UNE HTA SECONDAIRE doit être systématiquement évoquée lors du diagnostic chez hypertendu jeune, de moins de 40 ans, ou en cas d’anomalie lors du bilan initial telle qu’un souffle de l’aorte abdominale , une hypokaliémie , une insuffisance rénale ou une albuminurie. Une étiologie doit également être recherchée en cas d’HTA sévère, lorsque la pression artérielle systolique est› 180 mm Hg et/ou la pression artérielle diastolique›110 mm Hg ou encore en cas d’HTA résistante, qui concerne environ 15% des hypertendus, soit plus d’ 1 million de patients traités en France. La résistance est définie par la persistance de valeurs tensionnelles élevées après six mois malgré une trithérapie comprenant un diurétique thiazidique, un bloqueur du SRA, et un anticalcique comme le rappellent les recommandations de la Société française d’hypertension artérielle actualisées en janvier 2013.
MAPA et automesure.
Il faut bien sûr éliminer les causes de fausse résistance, notamment un effet blouse blanche, par la réalisation d’une mesure ambulatoire de la pression artérielle (MAPA) ou une automesure. La bonne observance thérapeutique doit être vérifiée par l’interrogatoire du patient et par la présence de symptômes liés au traitement : coeur ralenti sous bêtabloquant, oedèmes des membres inférieurs avec les inhibiteurs calciques, diurèse augmentée avec les diurétiques, rénine élevée chez les sujets prenant un inhibiteur de l’enzyme de conversion (IEC) ou un antagoniste des récepteurs de l‘angiotensine 2.
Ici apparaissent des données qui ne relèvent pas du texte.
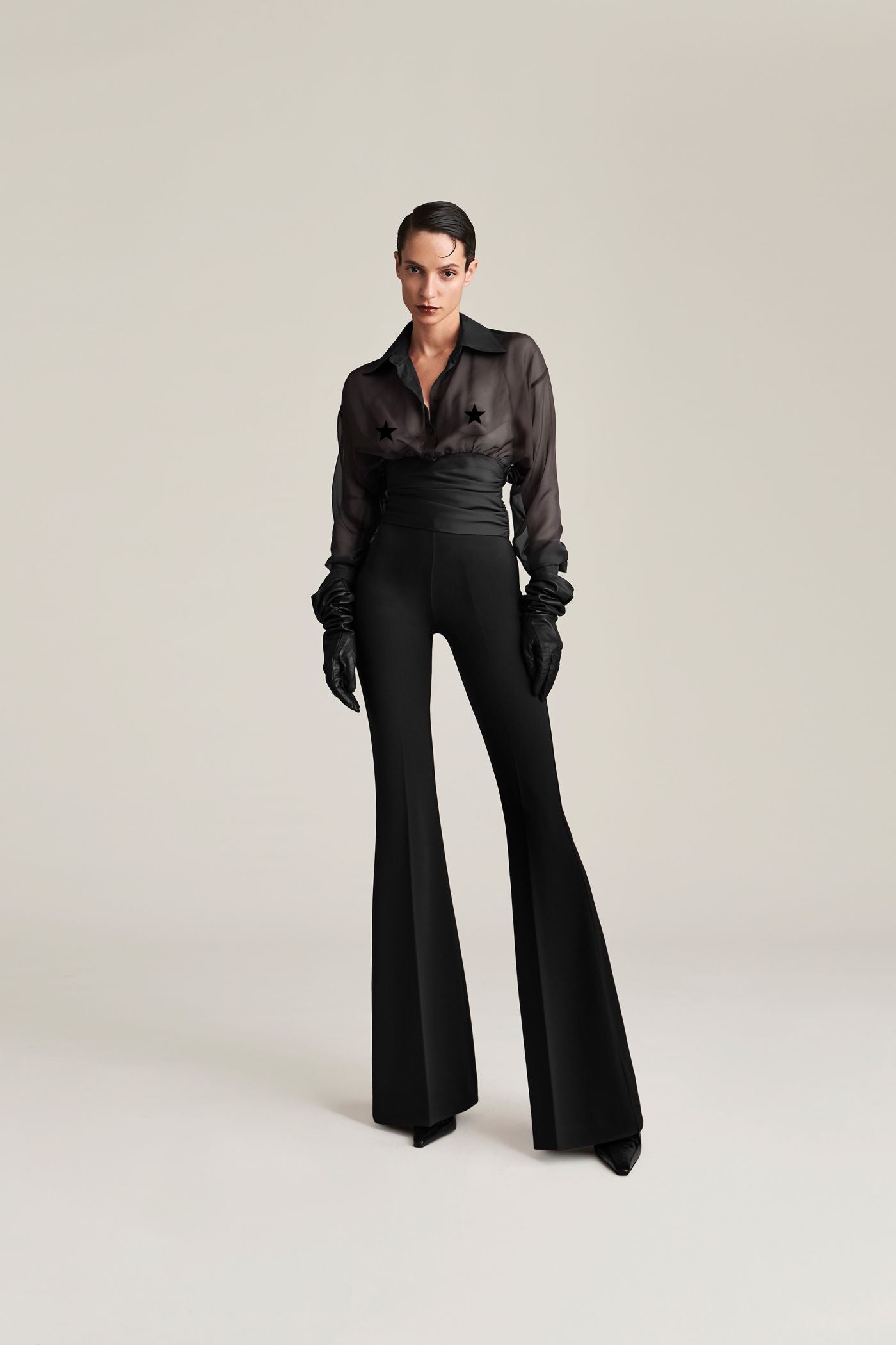 I PANTALONI SIENNA ACCENDONO L'ENERGIA DELLE ATMOSFERE DISCO ANNI ’70. REALIZZATI IN TESSUTO STRETCH DALLA MANO FRESCA, SI CARATTERIZZANO PER LA PIEGA STIRATA CENTRALE E IL TAGLIO FLARED CHE SLANCIA LA SILHOUETTE E LI RENDE COMODI DA INDOSSARE FROM DAY TO NIGHT.

« En pratique, après une MAPA ou une automesure, un bilan sanguin et urinaire est réalisé afin de rechercher une protéinurie ( les étiologies rénales de l’HTA, dont la glomérulonéphrite de Berger est la plus fréquente chez le sujet jeune, ne doivent pas être oubliées ), une hypokaliémie ou une kaliémie normale basse chez un sujet sous IEC ou ARA 2 doit faire penser à un hyperaldostéronisme primaire. Un échodoppler rénal sera demandé en cas de souffle vasculaire lors de l’examen clinique , la présence d’une insuffisance rénale ou d’une protéinurie . Un syndrome d’apnées du sommeil, cause fréquente d’HTA résistante, devra être évoqué en particulier en l’absence de baisse tensionnelle nocturne », précise le Dr Bernard Vaïsse.
« Au terme de ce premier bilan une exploration des surrénales est réalisée en deuxième intention, après interruption du traitement qui peut interférer avec les dosages d’au moins 15 jours, voire 1 mois pour l’aliskirene et 6 semaines pour la spironolactone. Le patient pourra être traité par alpha-bloquant, antihypertenseur central ou inhibiteur calcique. Les dosages (rénine, aldostérone, dérivés des catécholamines urinaires) sont difficiles à réaliser en ville car ils doivent répondre à des contraintes techniques très précises», explique le Dr Vaïsse. Il est donc préconisé d’hospitaliser le patient pour une courte durée. L’étiologie la plus fréquente est l’hyperaldostéronisme primaire (rapport aldostérone / rénine›25). Si les dosages sont anormaux, un scanner des surrénales est alors réalisé, qui peut montrer un nodule ou une hyperplasie. Tout nodule n’est toutefois pas un adénome de Conn et il est désormais préconisé, au moins chez les sujets jeunes, de faire des dosages au niveau des veines surrénales par cathétérisme. Une sécrétion latéralisée du côté du nodule plaide en faveur d’un adénome de Conn dont le traitement pourra être chirurgical.
Enfin, si tout le bilan est négatif, la trithérapie anti-hypertensive est complétée par l’ajout de spironolactone 25 mg en surveillant kaliémie et créatinine.
D’après un entretien avec le Dr Bernard Vaïsse, président du Comité française de lutte contre l’hypertension artérielle, service de cardiologie, hôpital La Timone, CHU Marseille.